宗教と芸術

 今日まで、宗教と芸術とはあまり縁がないように多くの人に思われて来たが、私はこれは大いに間違っていると思う。人間の情操を高め、生活を豊かにし、人生を楽しく意義あらしむるものは、実に芸術の使命であろう。春の花、秋の紅葉<もみじ>、海山の風景を眺むる時、文芸美術の素養<そよう>ある人にしてその目を通す時、言い知れぬ楽しさの湧くものである。我等が理想とする地上天国は、「芸術の世界」と言っても過言ではない程のもので、よく言う真善美の世界とはそれであって、芸術こそ美の現われである。しかるに今日迄案外閑却<あんがいかんきゃく>されていたのは如何<いか>なる訳であろうか。昔の高僧は絵を画<えが>き、彫刻を得意とし、堂宇<どうう>まで設計するというように、美の方面に対して驚くべき天才を発揮している。その中で最も傑出<けっしゅつ>した宗教芸術家としてはかの聖徳太子であろう。太子の傑作として今も遣<のこ>っている奈良の法隆寺の建築や、その中にある絵画、彫刻等を見る時、今から千二百年以前に建造されたものとは到底想像も出来ない素晴しさは、何人も同感であろう。
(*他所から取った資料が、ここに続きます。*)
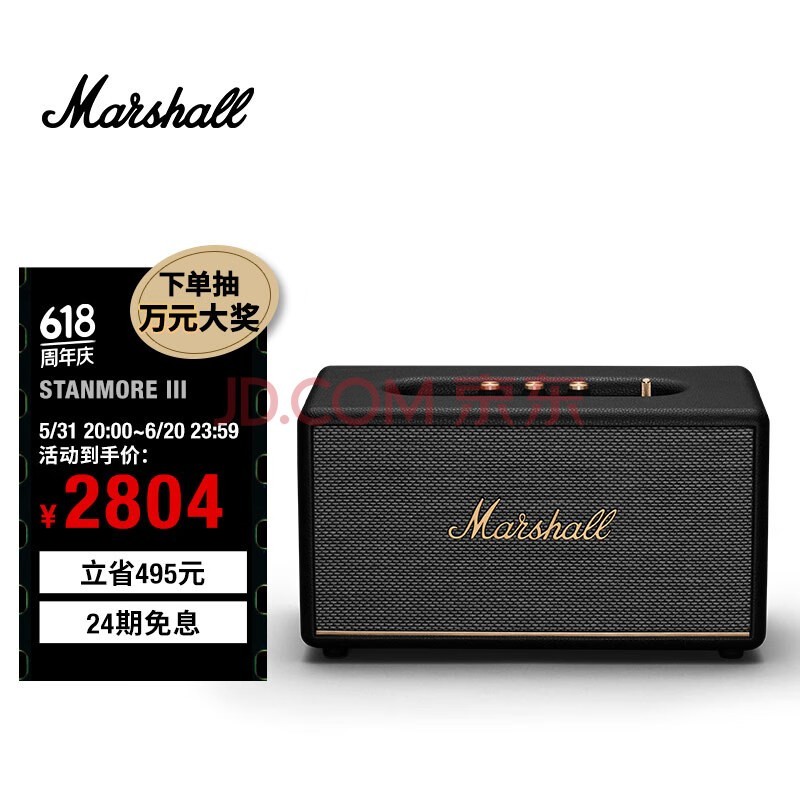 京东618大促,马歇尔STANMORE III蓝牙音箱低至2453.7元!这款音箱号称拥有宽广的声场,能传递出Marshall标志性的音效。它配备向外倾斜的高音单元和新版导波管,并搭载双向驱动单元系统,内置动态响度有助于调节声音平衡,在各种音量下都能带来卓越的音质。

 しかるに一方粗衣粗食、禁欲的生活をしながら教法を弘通<ぐつう>した聖者、名僧も多く輩出したので、芸術と宗教は甚だ縁遠いもののように思われる事になったものであろう。これらは真善はあっても美が無い訳である。

 この意味に於て、私は大いに芸術を鼓吹<こすい>しようと思っている。